Segment Start: Material for this exercise

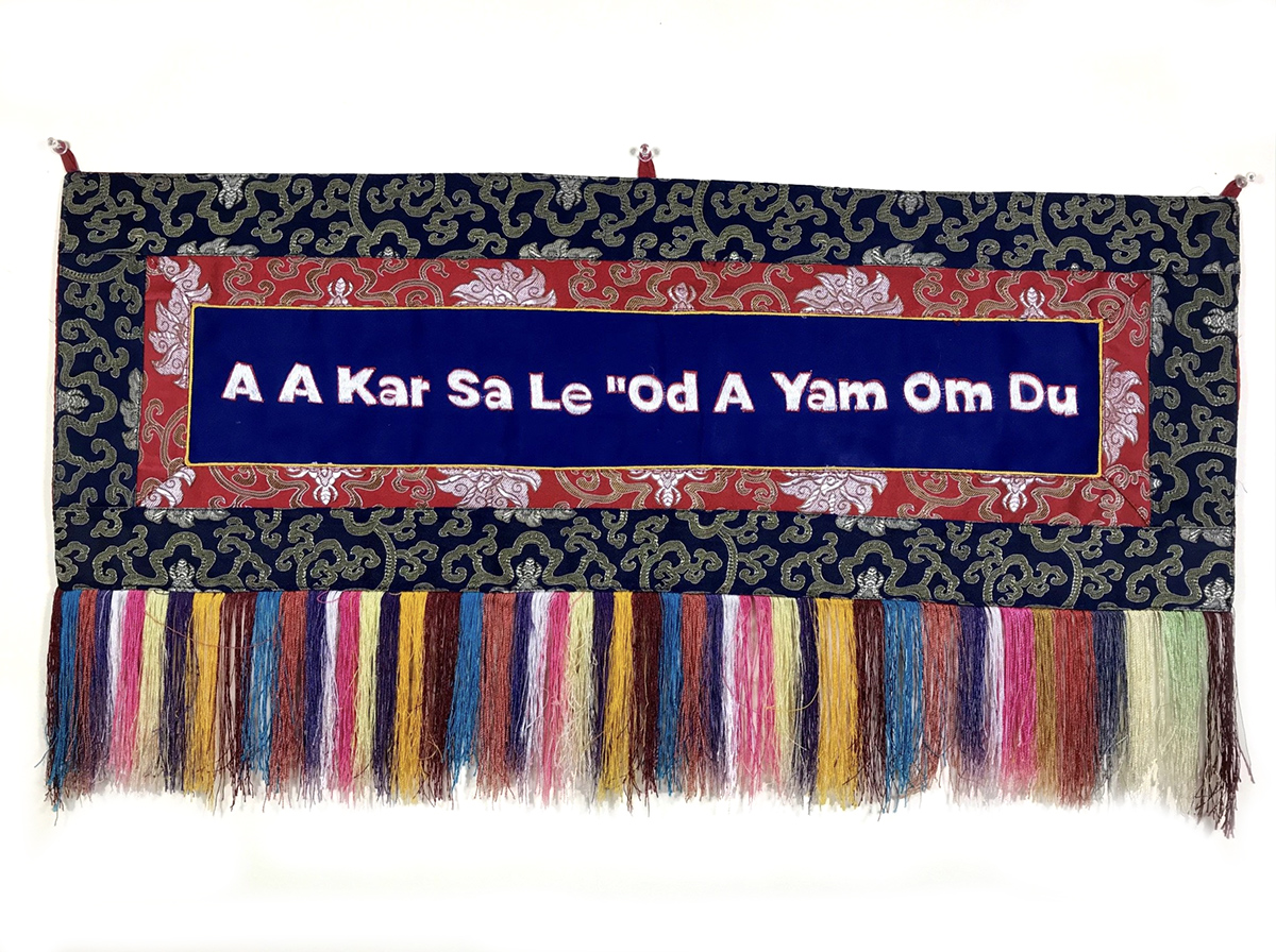 The mantra is embroidered on solid fabric with brocade framing and decorative fringe.
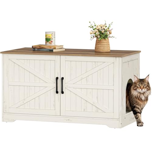 Fobyfurny Meuble Litiere pour Chat, Meuble Cache Litiere Chat, Maison de Toilette Chats en Bois avec Entrée Latérale, Style Ferme, Maison pour Chat D'intérieur, 100 x 50 x 55 cm, Marron et Blanc
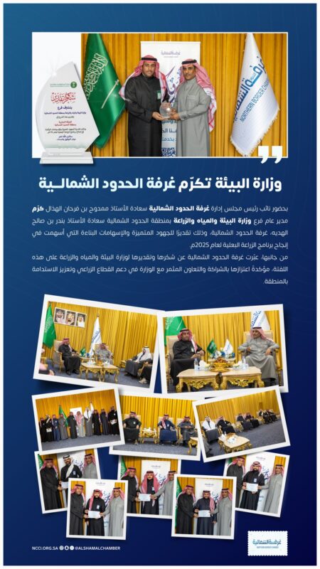 من جانبها، أعربت غرفة الحدود الشمالية عن اعتزازها بهذا التكريم، مؤكدةً حرصها على مواصلة الشراكة والتعاون المستمر مع وزارة البيئة والمياه والزراعة بما يسهم في تنمية القطاع الزراعي وتحقيق مستهدفات التنمية المستدامة بالمنطقة.
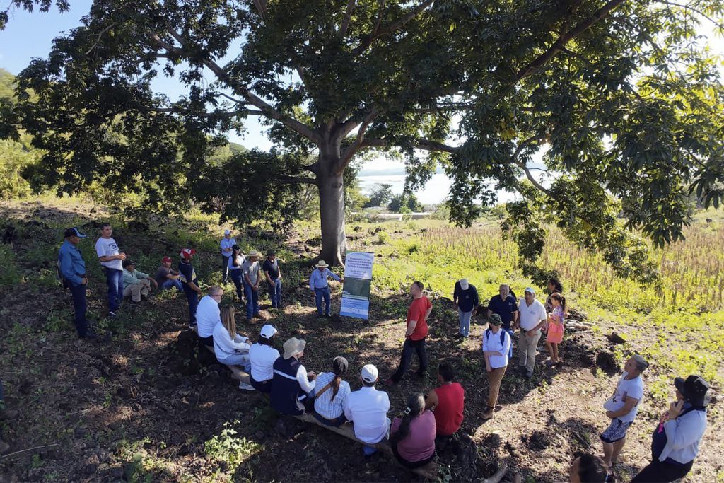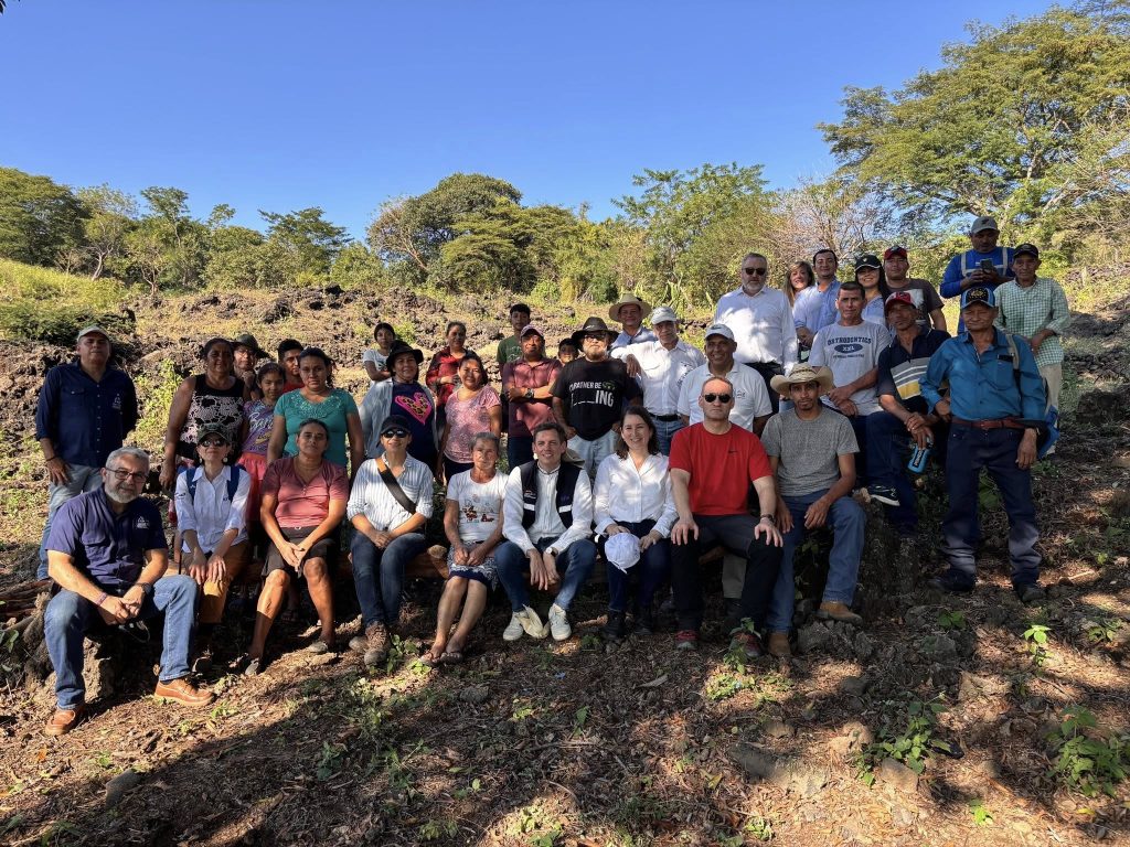 Posteriormente, la delegación se trasladó a la Comunidad Azacualpa, Cantón Las Piedras, Distrito Metapán, para un intercambio con familias participantes del Convenio de Medidas Agroambientales. Hombres y mujeres compartieron sus experiencias en la implementación de prácticas sostenibles, el manejo del suelo y los beneficios directos que este proyecto ha generado para su economía, sus cultivos y la protección del territorio.
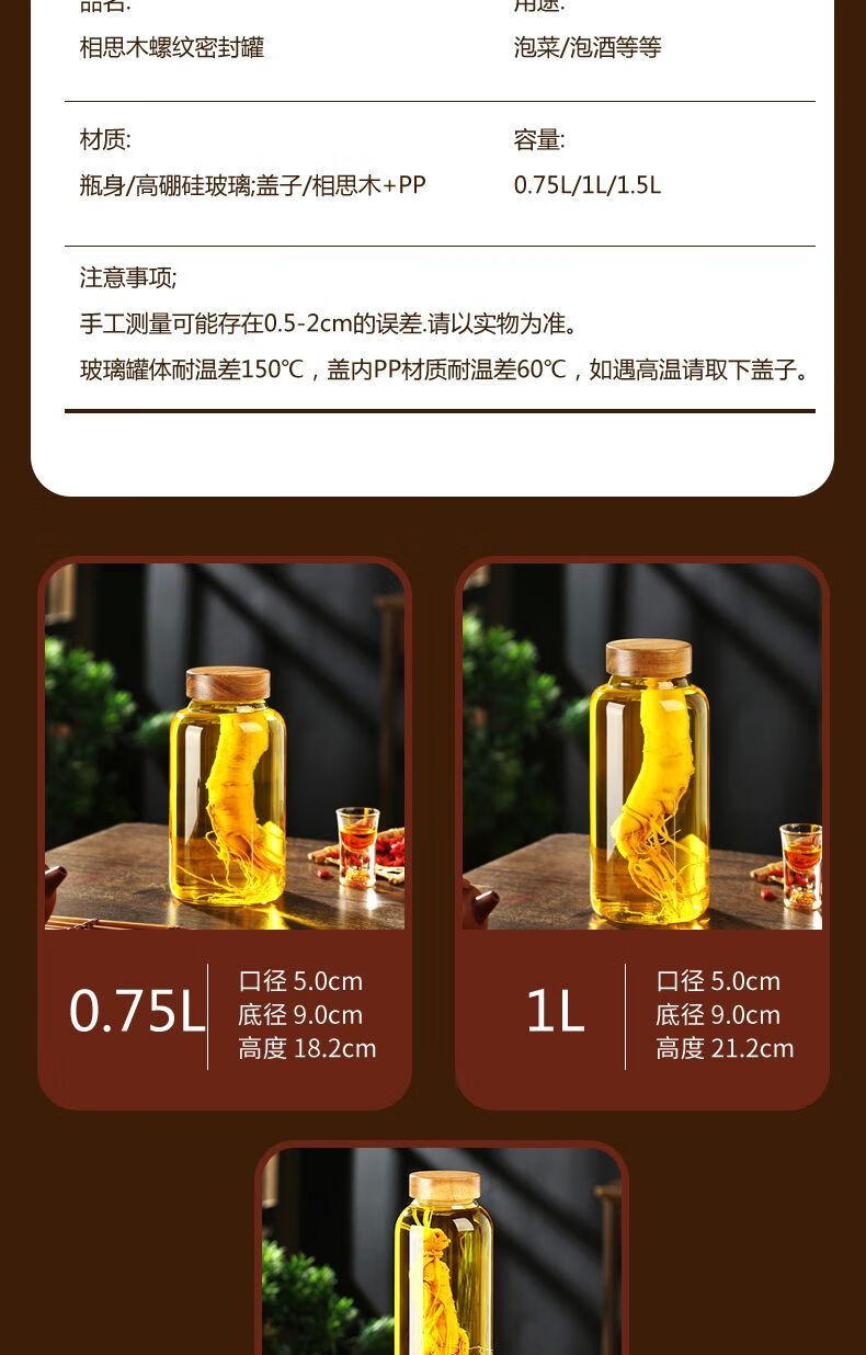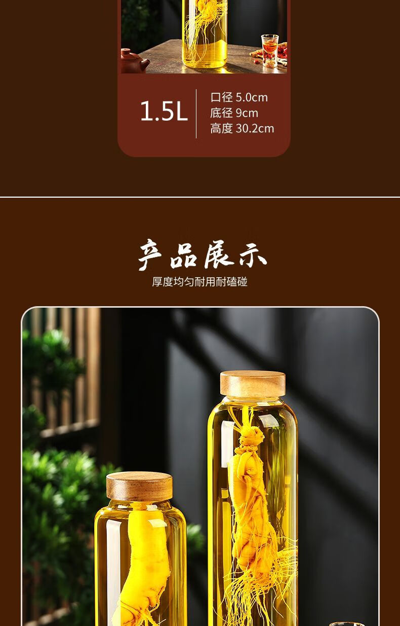 High-end medicinal wine slender wine storage bottle high borosilicate glass household ginseng wine bottle special sealed wine tank for wine 1500ml wine bottle one pack

Segment End: Material for this exercise

#### [Problem to solve]
Every line of the material above should be repeated exactly, except for the pictures.

#### [Exercise answer]
 The mantra is embroidered on solid fabric with brocade framing and decorative fringe.
 Fobyfurny Meuble Litiere pour Chat, Meuble Cache Litiere Chat, Maison de Toilette Chats en Bois avec Entrée Latérale, Style Ferme, Maison pour Chat D'intérieur, 100 x 50 x 55 cm, Marron et Blanc
 من جانبها، أعربت غرفة الحدود الشمالية عن اعتزازها بهذا التكريم، مؤكدةً حرصها على مواصلة الشراكة والتعاون المستمر مع وزارة البيئة والمياه والزراعة بما يسهم في تنمية القطاع الزراعي وتحقيق مستهدفات التنمية المستدامة بالمنطقة.
 Posteriormente, la delegación se trasladó a la Comunidad Azacualpa, Cantón Las Piedras, Distrito Metapán, para un intercambio con familias participantes del Convenio de Medidas Agroambientales. Hombres y mujeres compartieron sus experiencias en la implementación de prácticas sostenibles, el manejo del suelo y los beneficios directos que este proyecto ha generado para su economía, sus cultivos y la protección del territorio.
 High-end medicinal wine slender wine storage bottle high borosilicate glass household ginseng wine bottle special sealed wine tank for wine 1500ml wine bottle one pack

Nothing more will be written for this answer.